China’s economic growth reached 6.9 percent in 2015. Amid downward pressure, some are pessimistic about China’s economic future, but many people still have confidence in the world’s second-largest economy as many British economists and investors believe that China will continue to be the main driver of the world’s economy.
According to their point of view, China’s growth rate last year met expectations. In addition, as the Chinese government is making efforts to transform the country’s economic structure, supply-side reform will help drive its economy.
Jan Dehn from Ashmore Group said that with a monthly $60 billion trade surplus and $3.3 trillion in foreign exchange reserves, China’s economic fundamentals are not gloomy at all.
China remains to be the main player to drive the global economy. The China-Britain Business Council (CBBC) said China’s GDP growth was equivalent to Saudi Arabia or Switzerland’s GDP, making a contribution of more than $700 billion production value to the global economy.
Rain Newton-Smith, director for economics at the Confederation of British Industry, said that China’s family income and online retail sales increased 7 percent and 33 percent, respectively, which is a huge opportunity for any economy.

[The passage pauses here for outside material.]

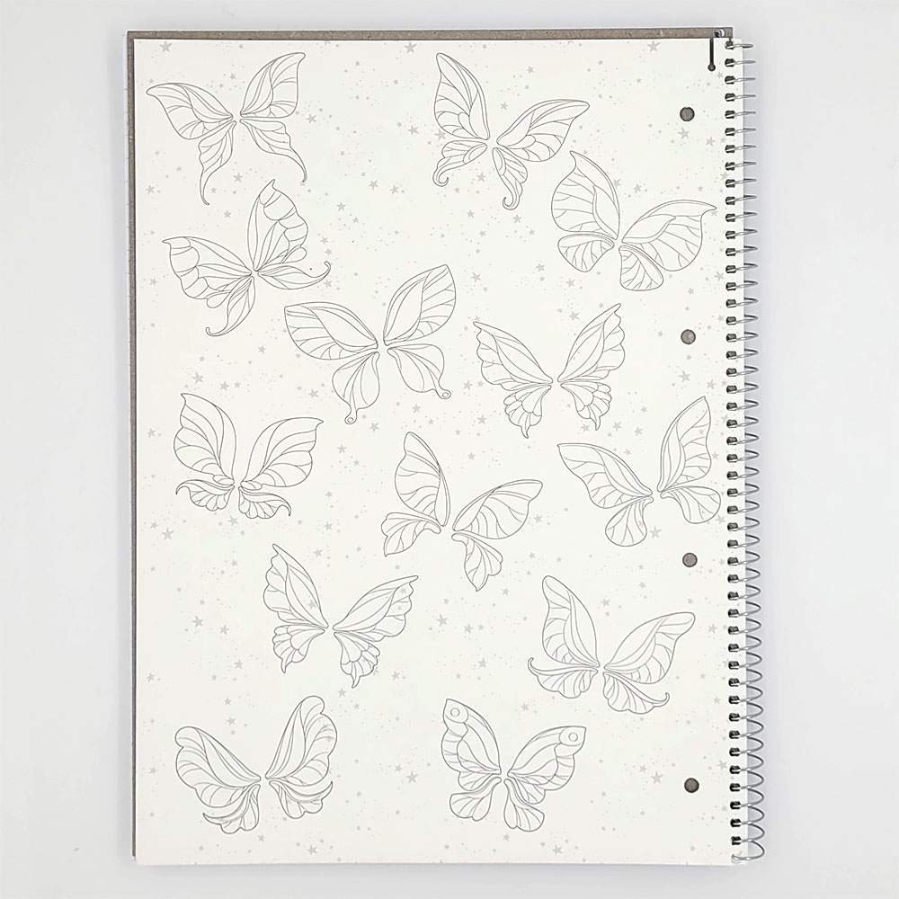 Обложка состоит из плотного картона, который защищает бумагу от внешних факторов. Яркий принт обложки имеет тиснение на голографической фольге, на внутренней стороне раскраска в тематике тетради.

The reason for their optimism over China’s economy lies in the country’s economic structural reform.
A report by BNP Paribas United Kingdom shows the pessimism of Chinese economic development is based on decreased investment caused by China’s economic structural reform and unexpected lowered export growth due to a weak global economy.
But, the bank’s report said, the transition to a service-driven economy is accelerating as the production value of China’s service industry rose from 7.8 percent in 2014 to 8.3 percent in 2015 and the proportion of service industry in GDP increased to 50.5 percent.
CBBC also said last year’s economic data indicated that China is transforming from an investment and export-driven economy to one that is promoted by service industry and consumption.
As for supply-side reform, according to BNP Paribas United Kingdom, the move will inject forces into China’s economic development as the reform focuses on reducing overproduction, leveraging, and taxation.
It predicts that the financial service industry will be a leader in the service industry in 2016.
Furthermore, the lowered GDP growth rate of China does not mean decreased business opportunities, instead, as CBBC noted, Chinese economic transition will create more new business opportunities, especially in education, medical service, finance and professional services, advanced engineering, and retail.
Stephen Phillips, chief executive of CBBC, said that China is pursuing sustainable and higher economic development by improving its industrial production rate, intelligent production and energy efficiency.
These are the fields that British enterprises specialize in and the key areas in which they expect to cooperate with China, he said.